──────── Input material ────────
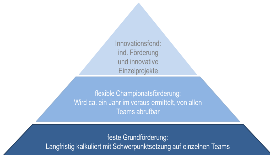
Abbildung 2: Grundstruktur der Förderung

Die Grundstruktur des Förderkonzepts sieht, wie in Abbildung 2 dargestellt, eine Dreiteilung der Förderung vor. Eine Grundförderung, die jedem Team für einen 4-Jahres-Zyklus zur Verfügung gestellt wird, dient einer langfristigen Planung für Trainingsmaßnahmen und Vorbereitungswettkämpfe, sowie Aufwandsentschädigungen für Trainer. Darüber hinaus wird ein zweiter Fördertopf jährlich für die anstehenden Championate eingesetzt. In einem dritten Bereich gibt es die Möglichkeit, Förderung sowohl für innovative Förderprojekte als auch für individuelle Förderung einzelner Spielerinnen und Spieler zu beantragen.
────────
──────── Input material ────────
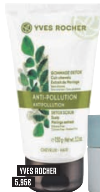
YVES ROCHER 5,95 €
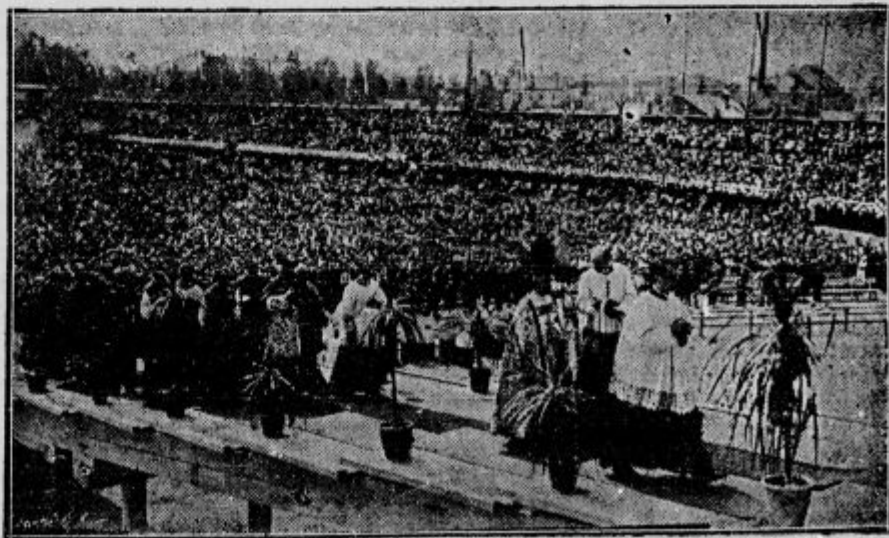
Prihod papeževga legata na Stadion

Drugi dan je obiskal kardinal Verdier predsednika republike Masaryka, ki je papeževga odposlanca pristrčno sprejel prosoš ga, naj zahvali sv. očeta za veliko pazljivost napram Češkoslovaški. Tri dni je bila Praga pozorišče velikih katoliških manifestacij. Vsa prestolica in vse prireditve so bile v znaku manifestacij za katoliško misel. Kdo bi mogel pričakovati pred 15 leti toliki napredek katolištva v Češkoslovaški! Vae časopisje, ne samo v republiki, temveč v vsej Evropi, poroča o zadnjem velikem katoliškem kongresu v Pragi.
────────
──────── Input material ────────
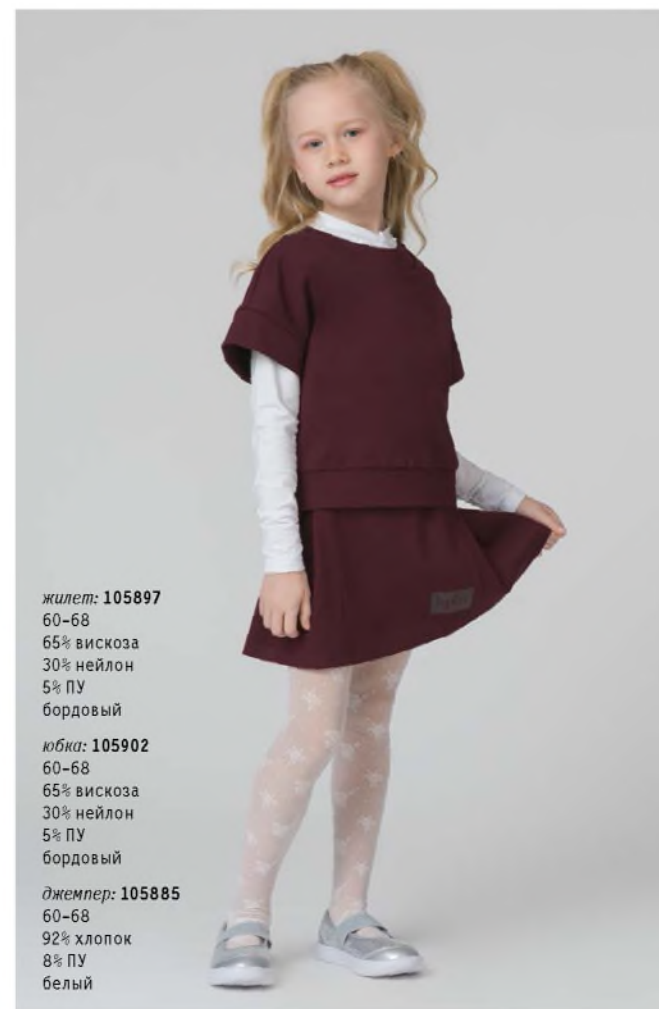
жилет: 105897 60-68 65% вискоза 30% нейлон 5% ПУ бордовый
────────
● **Task instructions**: In the material above, show every line where the word "papeževga" turns up.

● **Written solution**:
Prihod papeževga legata na Stadion
Drugi dan je obiskal kardinal Verdier predsednika republike Masaryka, ki je papeževga odposlanca pristrčno sprejel prosoš ga, naj zahvali sv. očeta za veliko pazljivost napram Češkoslovaški. Tri dni je bila Praga pozorišče velikih katoliških manifestacij. Vsa prestolica in vse prireditve so bile v znaku manifestacij za katoliško misel. Kdo bi mogel pričakovati pred 15 leti toliki napredek katolištva v Češkoslovaški! Vae časopisje, ne samo v republiki, temveč v vsej Evropi, poroča o zadnjem velikem katoliškem kongresu v Pragi.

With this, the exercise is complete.